** Opening SUPPLIED DATA block **

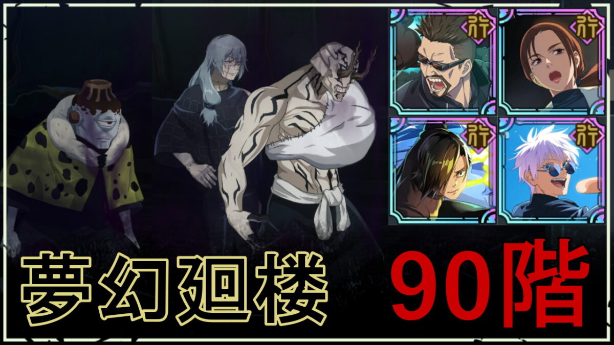 呪術廻戦ファントムパレード(ファンパレ)の夢幻廻楼(無限回廊)90階の攻略とおすすめキャラを紹介。夢幻廻楼90階の基本情報や攻略のコツ、おすすめパーティ編成をまとめています。
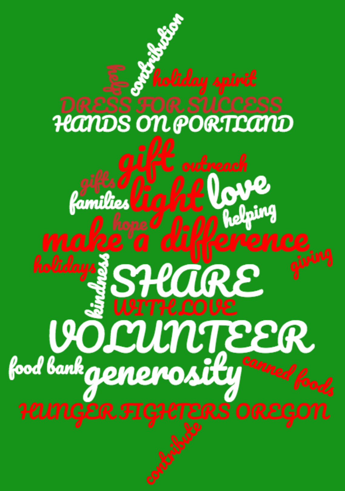 HandsOn Portland. Check their calendar for ongoing as well as one-time volunteer opportunities. Many occur year-round such as serving at Potluck in the Park in Portland or delivering books to the Children’s Book Bank. But there are holiday-related events too such as the Holiday Cheer Gift Bag assembly (December 1 from 9:30 a.m. to 12:30 p.m.) and distribution (December 2-24) to isolated older adults in the Portland metro area.
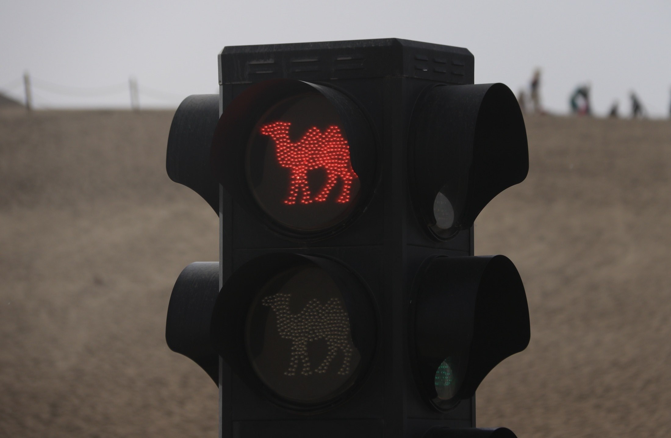 甘肅酒泉:月牙泉景區(qū)內設置駱駝紅綠燈
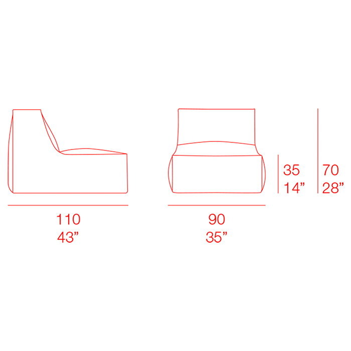 Incluso juntando varios modelos de Mareta se puede conseguir un sofá. No obstante, aunque esta es la versión con dimensiones de generoso sillón individual, también tenemos otro modelo XL con el tamaño de un dos plazas. Y si lo que buscas es crear un espacio con ritmo en cuanto a formas, lo puedes mezclar también con los sillones bean bag de la serie Sail.
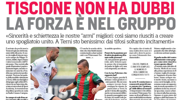 Corriere dello Sport: “Un palermitano a Terni. Tiscione non ha dubbi: «La forza è nel gruppo»”
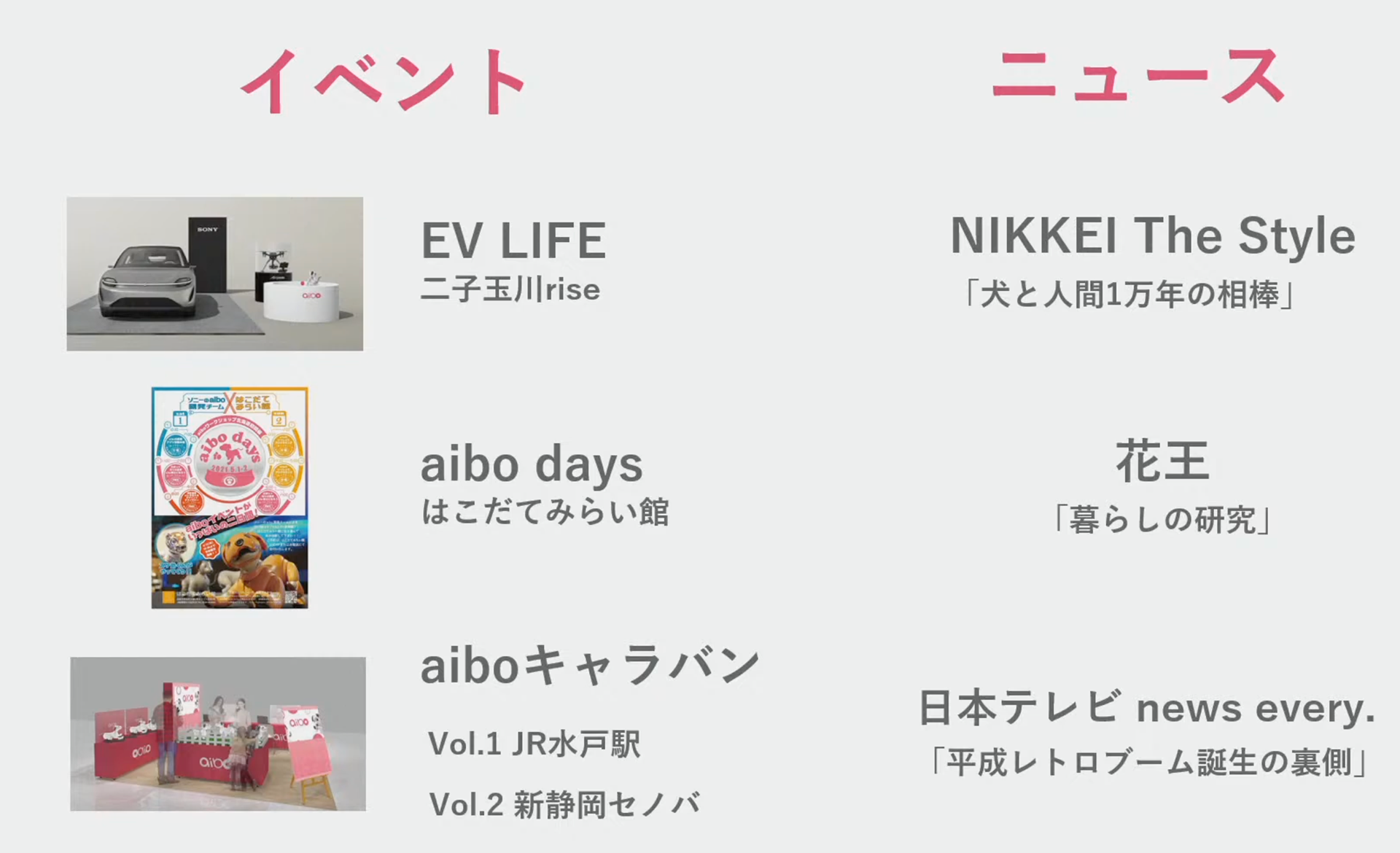 EVライフ、未来館でのaibo Days、そしてJR水戸駅とJR新静岡駅で開催される2つのポップアップイベント「aiboキャラバン」です。
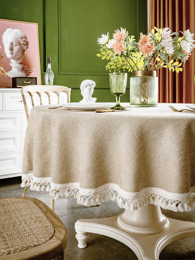加厚粗麻棉麻文艺小大圆桌流苏桌布台布餐厅客厅茶几布可定制
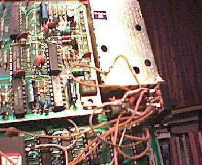 Az előkészített kapcsolót a helyére be kell forrasztani a modulátor oldalánál, vigyázva, hogy a többi alkatrész lábához ne érjen hozzá. (Egy elektrolit kondenzátor negatív lába van ott "rossz helyen", azt célszerű elhajlítani az útból.) A Kapcsoló szélső érintkezőire menő vezeték egyikét testre, (pl. a modulátor háza) a másikat a +5V-os tápfeszültségre (pl. szomszédos IC 14-es lába) kell kötni.
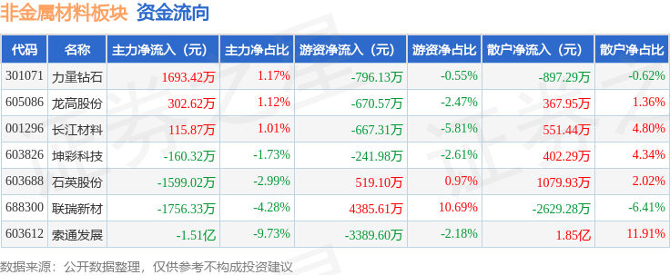 从资金流向上来看,当日非金属材料板块主力资金净流出1.65亿元,游资资金净流出860.87万元,散户资金净流入1.74亿元。非金属材料板块个股资金流向见下表:

** Closing SUPPLIED DATA block **

**WHAT IS BEING ASKED:** Copy exactly the lines that run from the line containing "Az előkészített kapcsolót" to the end of the data above, keeping both end lines and leaving out all pictures.

**RESULT FOR THIS TASK:**
 Az előkészített kapcsolót a helyére be kell forrasztani a modulátor oldalánál, vigyázva, hogy a többi alkatrész lábához ne érjen hozzá. (Egy elektrolit kondenzátor negatív lába van ott "rossz helyen", azt célszerű elhajlítani az útból.) A Kapcsoló szélső érintkezőire menő vezeték egyikét testre, (pl. a modulátor háza) a másikat a +5V-os tápfeszültségre (pl. szomszédos IC 14-es lába) kell kötni.
 从资金流向上来看,当日非金属材料板块主力资金净流出1.65亿元,游资资金净流出860.87万元,散户资金净流入1.74亿元。非金属材料板块个股资金流向见下表:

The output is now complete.